Enter the lead indicator. These provide assurance that the underlying infrastructure is sound and will scale appropriately. But by themselves, they are not a guarantee of SharePoint performance (especially when there are developers and excessive use of foreach loops involved!) But what they do ensure is that you have a baseline of performance that can be used to compare with any future custom work. It is the difference between the baseline and whatever the current reality is that is the interesting bit.

So what lead indicators matter?

The Microsoft documentation lists many useful performance monitor counters (particularly at a SQL Server level) that are useful to monitor. Truth be told, I was sorely tempted to go through them in this series of posts, but instead I opted to pitch these articles to a wider audience. So rather than rehash what is in those documents, lets look at the obvious ones that are likely to come up in any sort of conversation around SharePoint performance. In terms of lead indicators, there are several important metrics:

  • Requests per second (RPS)
  • Disk I/O per second (IOPS)
  • Disk Megabytes transferred per second (MBPS)
  • Disk I/O latency

In the next couple of posts, I will give some more details on each of these indicators (their strengths and weaknesses) and how to go about collecting them.

A final Kaizen addendum

Kaizen? What the?

I mentioned at the start of this post that performance management is not done well in many other industries. Some of you may have experienced the pain of working for a company that chases short-term profit (lag indicator) at the expense of long-term sustainability (measured by lead indicators). To that end, I recently read an interesting book on the Japanese management philosophy of Kaizen by Masaaki Imai. Imai highlighted the difference between Western attitudes to management in terms of “process-oriented management vs. result-oriented management.” The contention in the book was that Western attitudes to management is all about results whereas Japanese approaches are all about the processes used to deliver the result.

In the United States, generally speaking, no matter how hard a person works, lack of results will result in a poor personal rating and lower income or status. The individuals contribution is valued only for its concrete results. Only results count in a result-oriented society.

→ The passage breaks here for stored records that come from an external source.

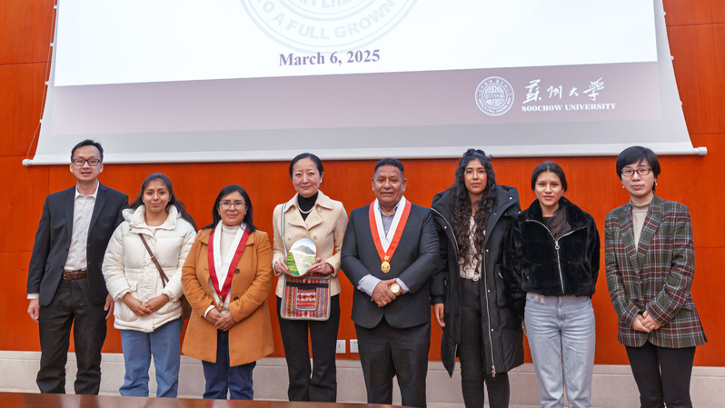 贾克琳·乌加特与埃斯德拉斯·梅迪纳高度评价了苏州大学在人才培养和科研创新方面的成就,并分享了秘鲁高等教育体系的特点。他们提出,希望借鉴苏大经验,开展多种形式的师生交流活动,促进两国青年学生与学者互动,以教育为纽带,联动地方资源,携手推动中秘科技文化合作。
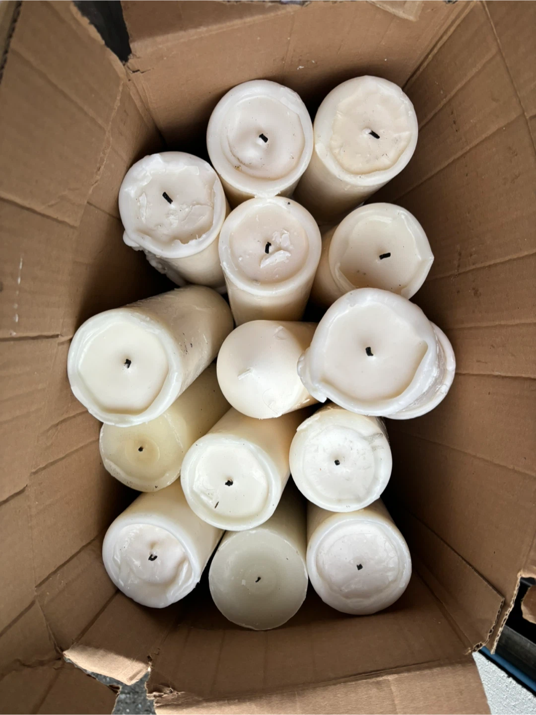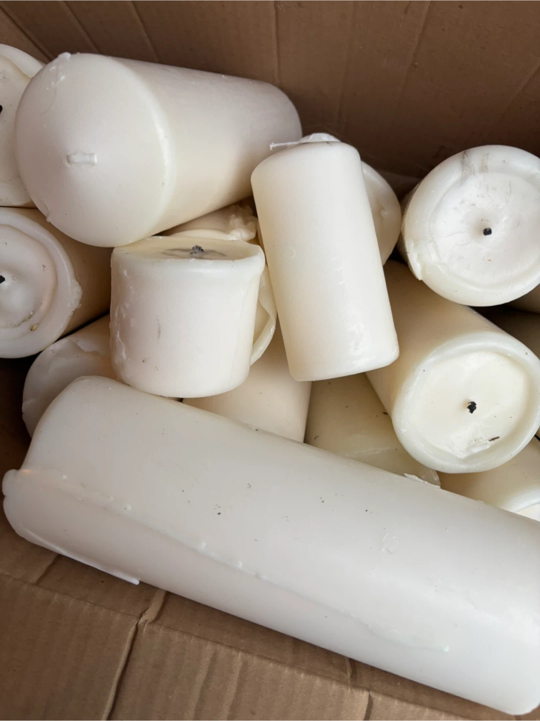 I have a box of 14 white pillar candles for sale. They're in good condition and ready to add some ambiance to your space. Each candle is about 8inches tall and 2 inches in diameter. Perfect for creating a cozy atmosphere! They can also be melted and used for whatever you may need
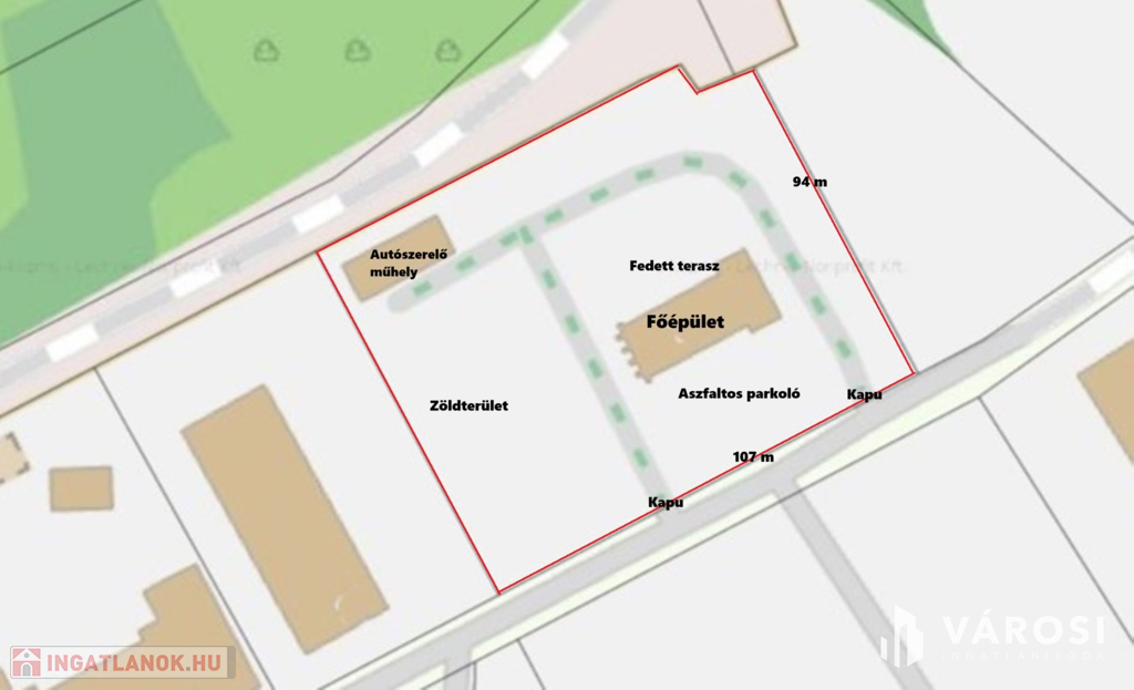 A terület körülbelül egyharmada zöld terület, amely fasorral van elkülönítve a főépülettől, így szabadtéri rendezvények megszervezésére is alkalmas, vagy további fejlesztések alapját képezheti. Az ingatlan teljesen körbe van kerítve beton és fém kerítéssel, három bejárattal rendelkezik, amelyek lehetővé teszik a gépjármű forgalom megfelelő szervezését. A főbejárat elektromos kapuval van ellátva.
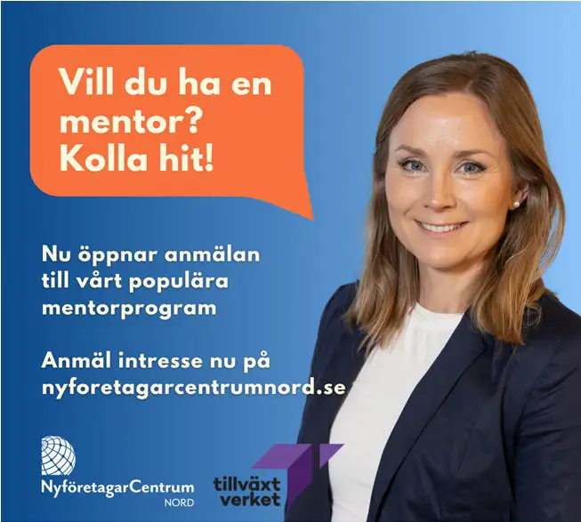 Ett helt år med någon som bara vill att du ska lyckas? Ja det är faktiskt exakt vad Nyföretagarcentrum Nords mentorprogram är. Under ett helt år får du som företagare en erfaren mentor vid din sida som bollplank och stöttepelare som hjälper dig nå dina mål.
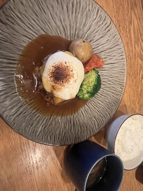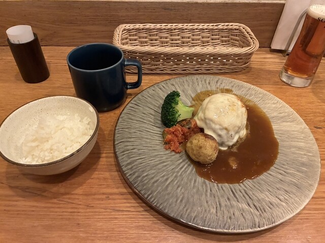 テレビで見て行きました。ハンバーグとチーズが凄く美味しかった。セットで付いてくる付属のスープもさっぱりしていて凄く美味しかったです。セットで頼むのがオススメです。店内も落ち着いていて1人でもゆっくり楽...
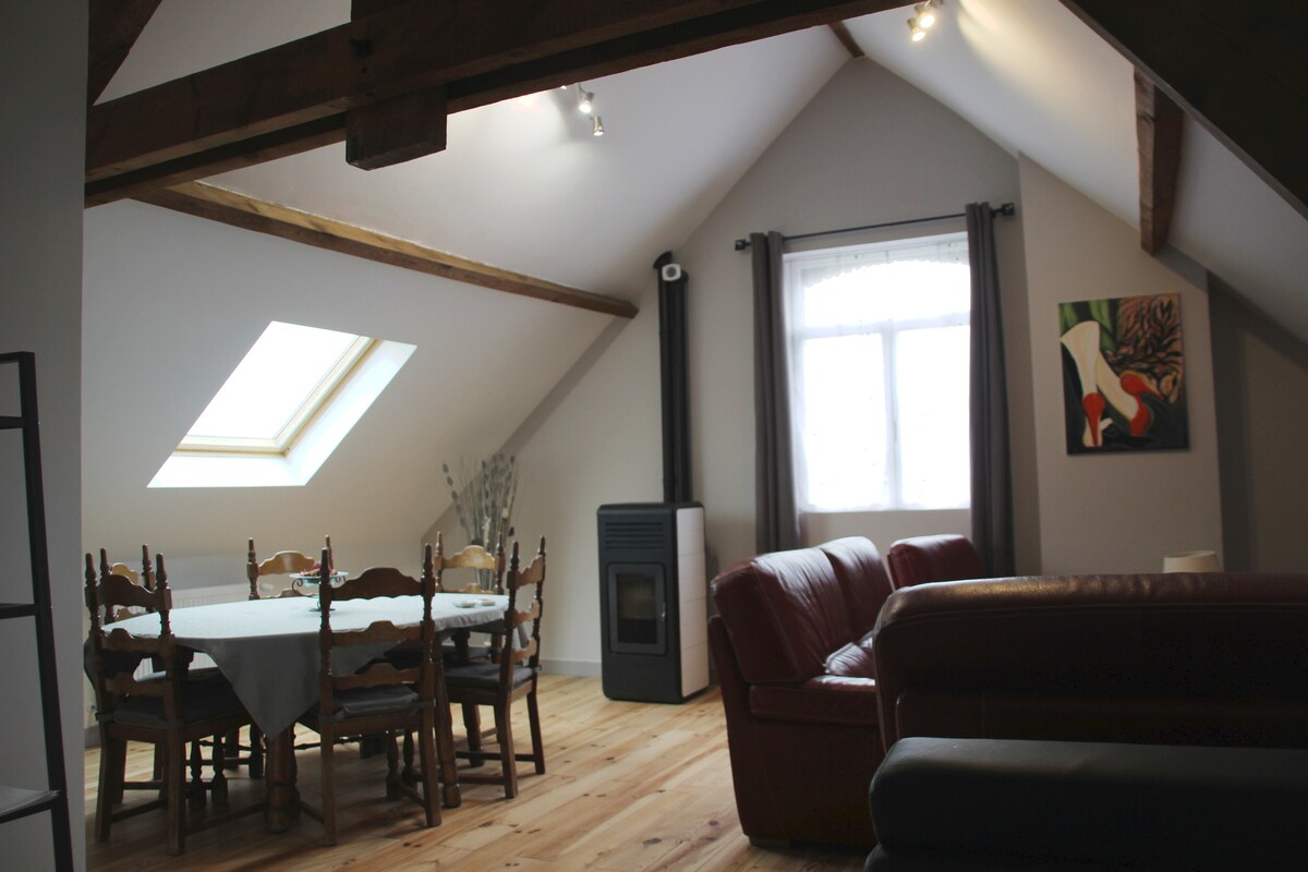 Esperamos darle la bienvenida pronto en nuestro nuevo apartamento de «La Maison Rouge» situado en el eje de la autopista y SNCF Lille/Dunkerque, estación de tren y salida de la autopista cerca del pueblo). - Apartamento independiente - Amplia terraza con vistas panorámicas al campo - Estufa de leña - Cocina totalmente equipada + lavadora secadora - Ropa de cama 180/200 cuidadosamente elegida para garantizar la máxima comodidad - Wifi de fibra ultrarrápida, Apple y Orange TV - Numerosas tiendas a poca distancia
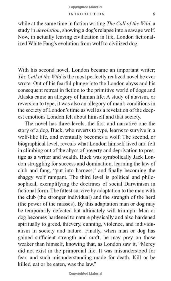 The Call Of The Wild is the story of Buck, a dog stolen from his home and thrust into the merciless life of the Arctic north to endure hardship, bitter cold, and the savage lawlessness of man and beast. White Fang is the adventure of an animal -- part dog, part wolf --turned vicious by cruel abuse, then transformed by the patience and affection of one man.
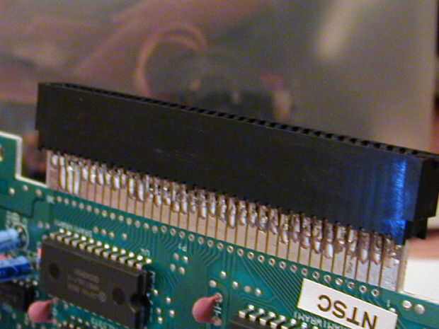 El conector y presione los pernos juntos para que sujete la Junta NES cuando se desliza en.

So as an example, a result society would look at the revenue from sales made over a given timeframe – the short term, profit-focused lag indicator. But according to the Kaizen philosophy, process-oriented management would consider factors like:

  • Time spent calling new customers
  • Time spent on outside customer calls versus time devoted to clerical work

What sort of indicators are these? To me, they are clearly lead indicators as they do not guarantee a sale in themselves.

It’s food for thought when we think about how to measure performance across the board. Lead and lag indicators are two sides of the same coin. You need both of them.